Les 9 grandes tendances qui marqueront l'année du M&A en 2015

 

  1. Le retour des IPO, option de sortie pour des actifs sous LBO mais aussi source de capitaux concurrente pour les investisseurs en capital (Private Equity).
  2. Les fluctuations de change, opportunité d'arbitrage mais aussi facteur de risques pour les transactions.
  3. La montée en régime des revues stratégiques de portefeuilles et des carve-out. La revue des actifs devraient amener les entreprises à céder les activités non stratégiques.
  4. Le rôle des autorités de concurrence qui exigent des cessions d'actifs dans le but d'éviter les situations de concentration trop forte suite à des rapprochements industriels.
  5. La pression croissante des fonds activistes
    Les activistes américains sont de retour dans le CAC 40 même si ils sont moins actifs qu'aux Etats-Unis.
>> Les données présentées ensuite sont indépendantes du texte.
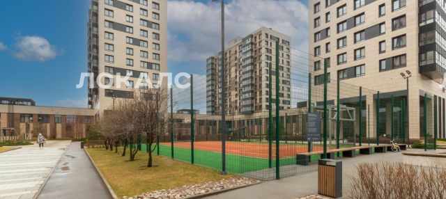 Во дворе — благоустроенная зелёная территория с декоративными растениями, газонами, искусственными насыпями. Для детей — площадки, лабиринт и зоны отдыха. Для любителей спорта — поле для футбола, баскетбола и волейбола. Двор закрыт для проезда машин.

Leur présence pousse les dirigeants à créer davantage de valeur, ce qui peut passer par des cessions, accélérant les revues stratégiques de portefeuille, ou des acquisitions.
  6. La montée en puissance des fonds souverains
    Les fonds en provenance d'Asie ou du Moyen-Orient se montrent de plus en plus actifs en Europe et en France, investissant en direct avec une exigence moindre en rendement du capital.
  7. La prise en compte dans les LBO du caractère international et innovant de la cible, alpha et oméga de la création de valeur.
  8. Le nouveau paradigme chinois
    La Chine vient de relever le seuil d'approbation préalable des investissements par les autorités à 1 milliard de dollars. Cette réforme s'est déjà traduite par une augmentation sensible des investissements chinois en Europe et aux US (+13 milliards en 2014), par exemple dans le Club-Med, PSA ou l'aéroport de Toulouse-Blagnac.
  9. La montée en puissance des investissements américains en France
    Les entreprises françaises se sont montrées particulièrement actives sur le front des acquisitions aux Etats-Unis, ce mouvement pourrait un peu ralentir en raison de l'effet de change. L'an passé, les investissements européens vers les Etats-Unis ont augmenté de 172,5 milliards de dollars (+194,5% par rapport à 2013). Réciproquement, les investissements américains en Europe ont augmenté de 142,3%, atteignant 181,7 milliards de dollars.